For most children the cause of the problem is that they cannot rouse themselves from a deep sleep to get up and go to the bathroom. It is commonly found that after the remedy has acted the sleep is not as profound and the child will awaken if needed.

Boys tend to masturbate from the early age of four or five years. Embarrassed parents mention that the child either masturbates or is always touching his genitals and can maintain an erection.

Girls: Even from menarche the girls develop dysmenorrhea before the period, complaining of severe cramps, backaches, and swelling of the breasts. It is interesting to note that the pains increase with the flow. This is unusual as most women experience relief as the flow becomes heavier.

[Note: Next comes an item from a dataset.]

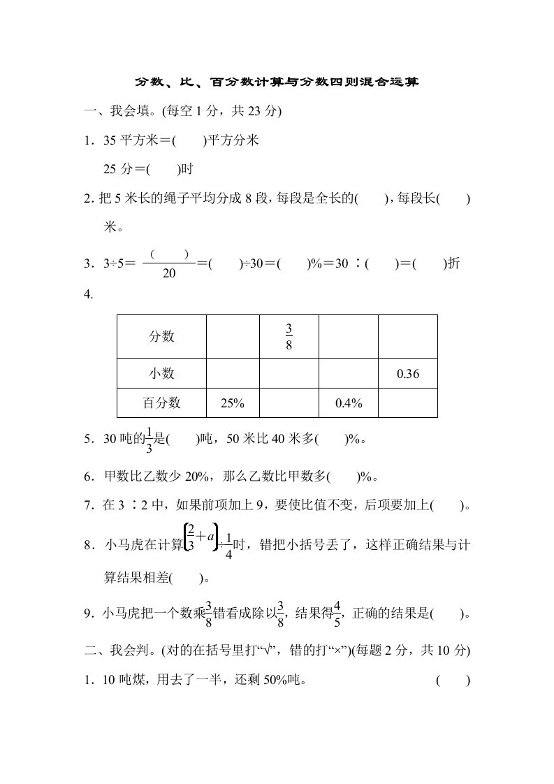 六年级数学上册专项复习卷2(苏教版)_共8页

Some thin, emaciated-looking girls do not begin to menstruate at the normal age. They can get to be fourteen or fifteen years and still not show any sign of approaching menarche. These girls begin to lose weight in their teens, have slow comprehension, and develop one respiratory disease after another. The problem is not so much the menstrual cycle or the lack of it, but rather a deep constitutional disorder that may first make itself known at the expected time of menarche.

(q) Back;
Along with pigeon or funnel chest, there may also be scoliosis. Teenagers may complain that their backs hurt whenever they stand for too long and feel better if they walk about or play.

(r) Extremities;
One may observe out of the corner of an eye that the feet and legs are restless during the interview. The child kicks the legs vigorously from the knees down.

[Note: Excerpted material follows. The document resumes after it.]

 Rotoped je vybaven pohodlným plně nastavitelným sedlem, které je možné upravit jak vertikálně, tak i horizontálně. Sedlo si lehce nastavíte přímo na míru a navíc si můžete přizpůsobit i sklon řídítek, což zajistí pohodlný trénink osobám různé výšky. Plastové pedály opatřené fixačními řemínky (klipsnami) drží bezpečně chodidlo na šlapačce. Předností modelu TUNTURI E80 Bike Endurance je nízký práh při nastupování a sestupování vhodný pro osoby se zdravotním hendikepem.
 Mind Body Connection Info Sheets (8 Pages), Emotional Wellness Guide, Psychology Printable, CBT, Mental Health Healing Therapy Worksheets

The child may have deformities of the limbs. The children may be bowlegged or have weak ankles that frequently turn. Looking at the fingers and toes, one may notice that they are deformed and crooked, turned medially or laterally. It is incredible to watch these crippled digits straighten out over a period of months with the prescription of Tuberculinum.

There may be abnormally slow bone growth. There may be no apparent problem during the first few years. However, as the child continues to grow older, X-ray examination will reveal that the child is falling behind in bone development.

Alternately, the child may undergo rapid bone growth accompanied by many problems in overall health. With every growth spurt, the tall, thin person grows weaker and more lethargic, with problems such as a runny nose, swollen glands, tonsillitis, and aching joints. The child just lies around watching television until the growth reaches a plateau.

Fingernails and toenails may split or peel easily, be plagued by hangnails, or become ingrown.

The child perspires from the feet, especially at night.

(s) Arthritis:
Tuberculinum is one of the common remedies for juvenile arthritis. The pains and stiffness are aggravated by damp weather, a change of weather, sitting or standing for too long, rest, and first motion after rest. They are ameliorated by continued motion and heat. Children with arthritis wake up stiff and feeling crippled until they move about.

The pains wander and are accompanied by swelling, heat and redness. After the inflammation stops, the joint remains large and becomes externally pale looking. This apparent cessation of the arthritic process only seems to prompt another joint to go through the same sequence of events.

(t) Skin:
As mentioned before, the health history may contain the fact that the child was born hirsute. This is a big keynote for the remedy.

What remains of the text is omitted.